I'm forgiven because You were forsaken
I'm accepted, You were condemned
I'm alive and well
Your spirit lives within me
Because You died and rose again
Amazing love how can it be
That You my King would die for me
Amazing love I know its true
Its my joy to honour You
In all I do, I honor You
This is a song that speaks of the love and works of Christ for me. I dun wanna grow accustomed or familiar with it but I wanna let the words melt away the grudge against myself...


Wednesday, September 01, 2004

well well well..

Well...I installed the picassa thingy and the hello..but I still can't download pictures. Either there's something wrong wif my PC, server or me...I wonder which has a higher possibility? ahhahaha
I've been wanting to watch this Jap movie on a dog- Quill. Anyone heard of it? The publicity is low, but tell you...the show is touching lor. I saw the trailer and I felt like crying...the sad parting between the man and the dog. Perhaps I'll go watch it with Nick sometime this week or next...
Its been kinda boring at work today cos it seems like everyone's on leave...but the thing is when they come back, there's where the work will flood in! Argh....I wanna quit my job and be a tai tai...I wanna be able to go to some cafe and drink coffee, relax, laid back and chat with other tai tai frens of mine. ahhahaha.....FAT hope, slim chance! To be honest, I'm still praying and asking God for direction in my life...I can't possibly stay here in this freezing lab for the rest of my life...For those of my frens who r reading this and r shocked by my secret desires....welcome to shuch's world! I wanna do something human...yet I'm afraid to really go out there n explore...its like you want something but u r afraid to face e real thing and b prepared to pay wateva price u need in order 2 attain it. Inside of me I still have a lot of smallness la...cos the world can b very scary n demanding. I am but a 22 yr old....wanting 2 find something that would bring me a sense of satisfaction thru the things I can do.
Well...Christians who r reading this, please pray 4 me...sometimes it can get overwhelming.. Family needs as well....its really such a challenge to press in 2 c them get saved. It seems so impossible....so difficult. But I remembered telling someone...'Never say its difficult until you have tried'....so I gotta live this out man!
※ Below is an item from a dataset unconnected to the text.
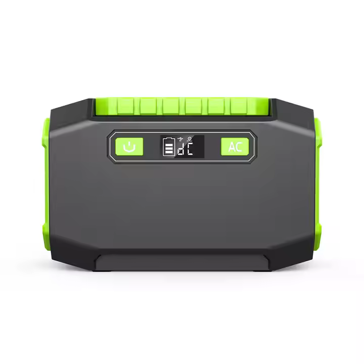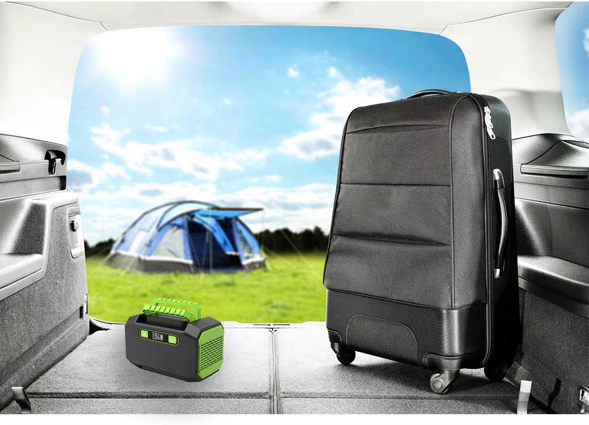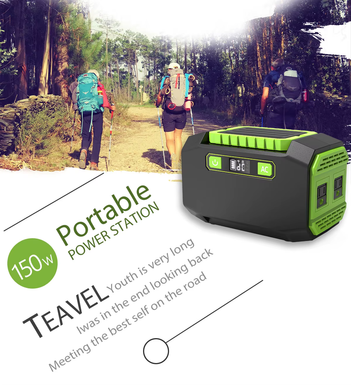 A compact 150Wh portable power station, perfect for camping, travel, or backup power. It features fast charging, solar compatibility, 200W AC output, built-in LED light, and a lightweight design for easy portability.

O Lord...uu c my needs...
"Your Heavenly Father already knows all your needs, and He will give you all you need from day to day if you live for Him and make the kingdom of God your primary concern"- Mt 6:32-33
Yup that's exactly what I need....I caught myself debating...why do I hafta serve God n yet continue 2 c my family like this? Why shud I serve God? Perhaps I shud scringe on my service towards Him..?? I guess these r really some very hard things I gotta clarify with my soul...Am I serving out of expecting Him to bless me? Jia lat....Lord please help me to balance my life properly....sometimes its really tough....Lord..guide me!!!!